Mr. BLOOM. Thank you, Mr. Chairman and other members of the committee. It's certainly a pleasure to be here. I have with me Pat Howard from my office, who is really the student financial aid expert in my office, and he'll be here to help.

Mr. SHAYS. That has to be a full-time job.

Mr. HOWARD. Yes, sir.

Mr. BLOOM. And then some, sir. This is my first meeting with the subcommittee. I'm relatively new as the inspector general, having been sworn in in January. My learning curve is going like that [pointing upward]; we're getting there.

Mr. SHAYS. Nice to have you.

Mr. BLOOM. Thank you.
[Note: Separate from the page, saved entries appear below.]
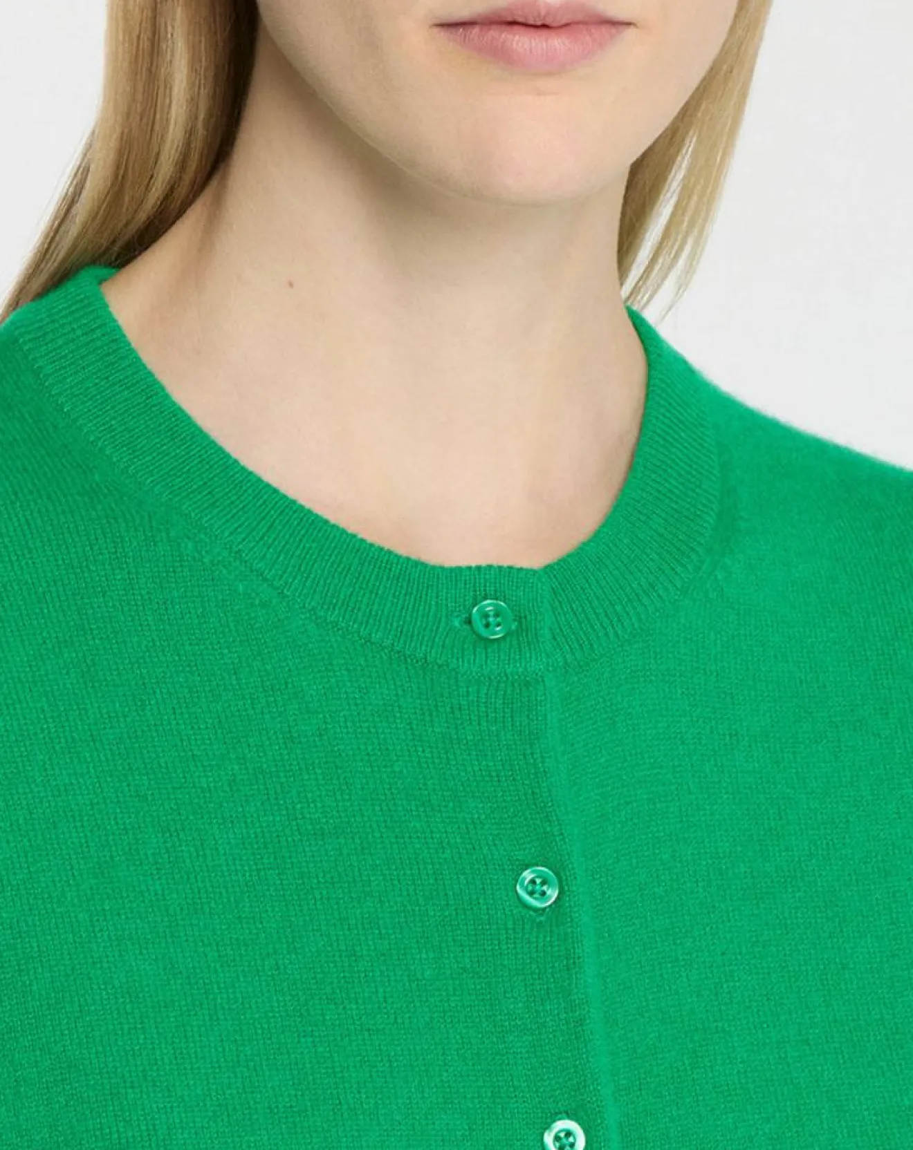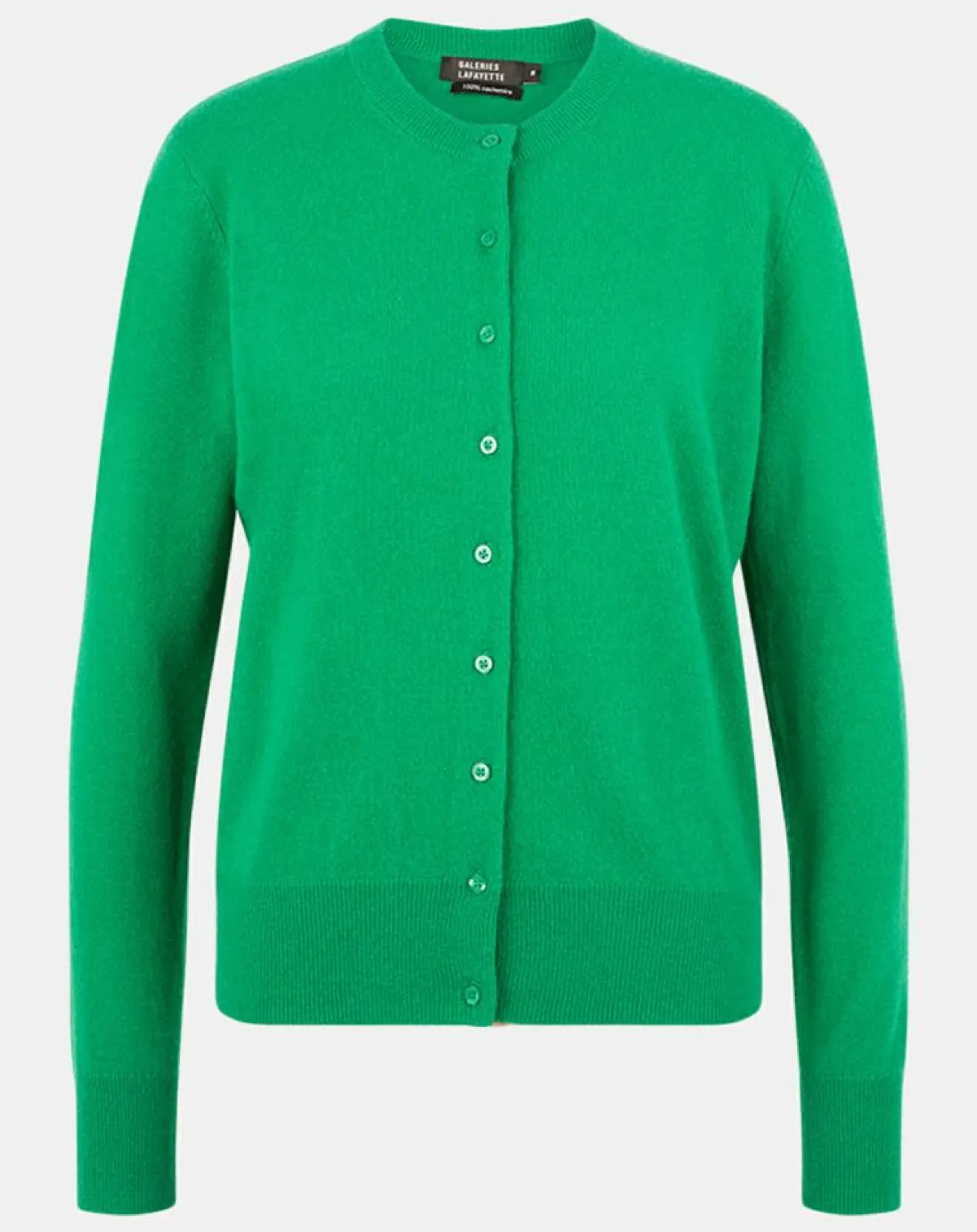 Ce cardigan droit Galeries Lafayette en cachemire est muni d’un col rond, d’une fermeture boutonnée et de finitions côtelées.
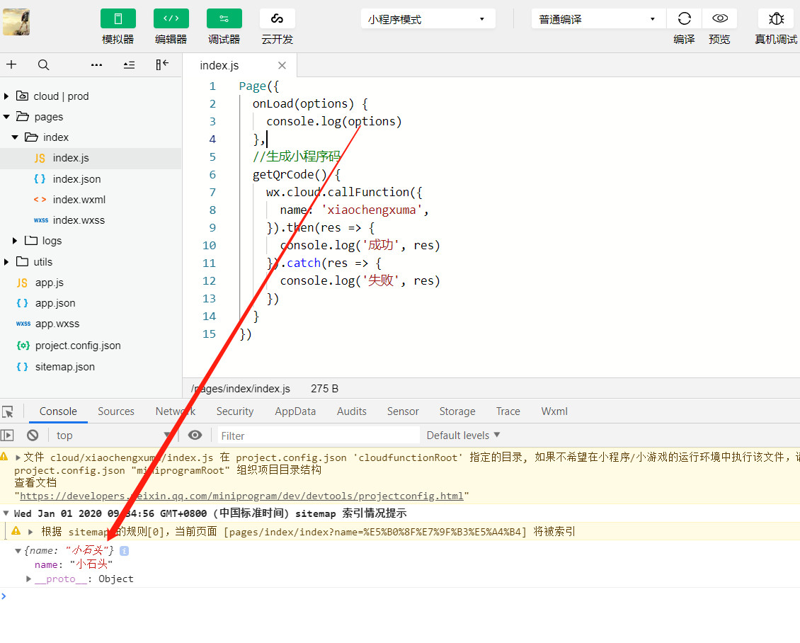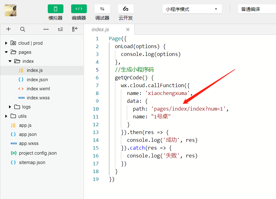 代码很简单,在第11行,我们给path参数设置了小程序页面和参数name。这样我们用微信扫码后,就会打开对应的页面,并且可以拿到name参数,
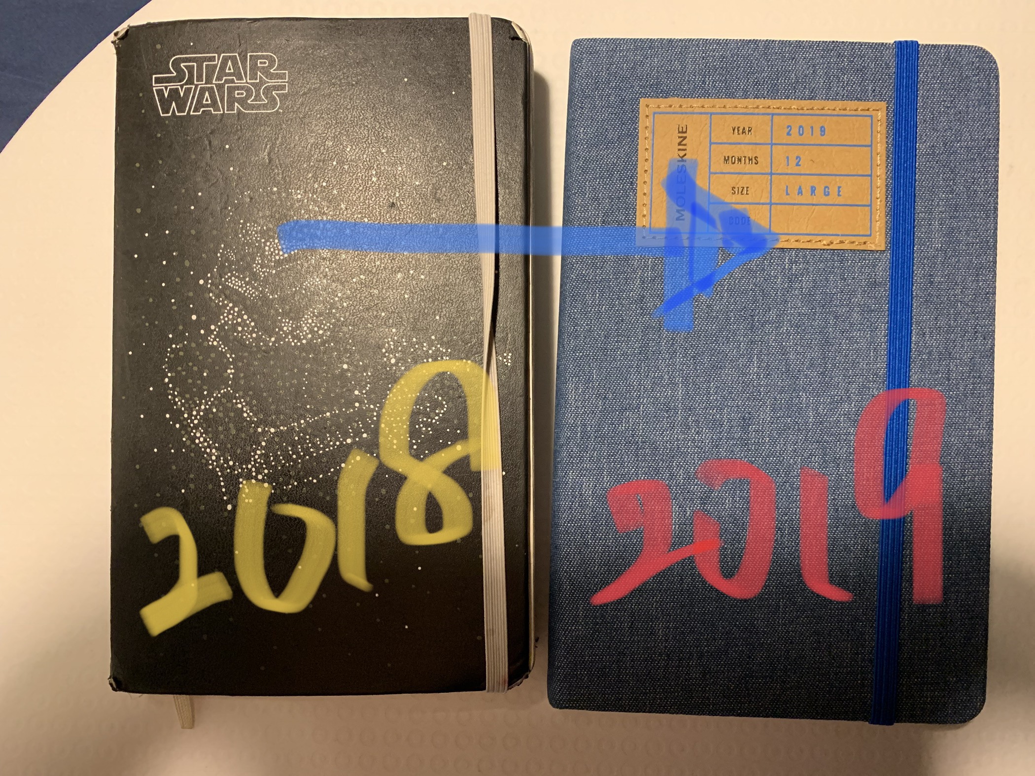 左のスターウォーズ君は、一年持ち歩いたんでかなりくたびれました。おつかれさま。あ、そう、僕はいつでもどこでも書きたいので、いつも持ち歩きます。だから、日記帳も大変です。左のデニム調のやつが2019年版。1日1ページ書いていくタイプです。まだ、キレイなもんですなあ。どんな風にくたびれていくのか今から楽しみです。

I've submitted a 22-page prepared statement, which we submit for the record. And so this oral testimony will be somewhat more brief.
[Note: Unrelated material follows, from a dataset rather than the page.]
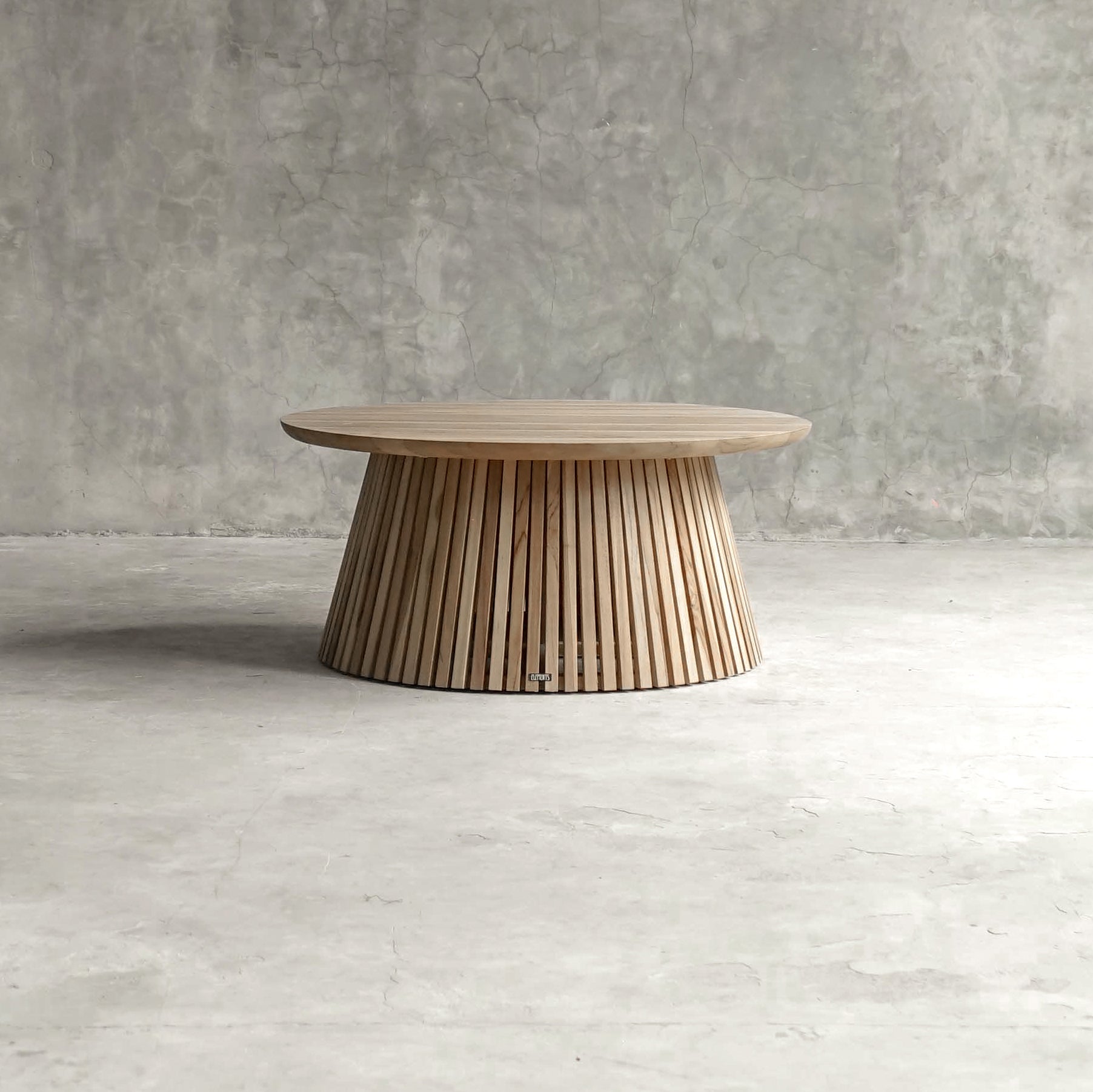 The Elton is defined by its stunning slatted pedestal base, featuring a rhythmic vertical wood design that creates a beautiful play of light and shadow. The oversized circular top provides a generous surface for styling, while the tapered silhouette ensures the piece feels light and airy despite its substantial footprint.

Mr. SHAYS. Well, we'll submit your whole statement into the record, and appreciate your summary.

Mr. BLOOM. Thank you. Mr. Chairman, I'm an accountant and a CPA by training; financial executive auditor and management consultant by profession. I've been a line manager. I've been a senior management official. So I've been there. And one of my strongest basic beliefs that I manage by and that I used to consult by, is what you measure you get. I strongly believe that. Not only is this important in the business world, but I believe that it's an important principle for Government and education.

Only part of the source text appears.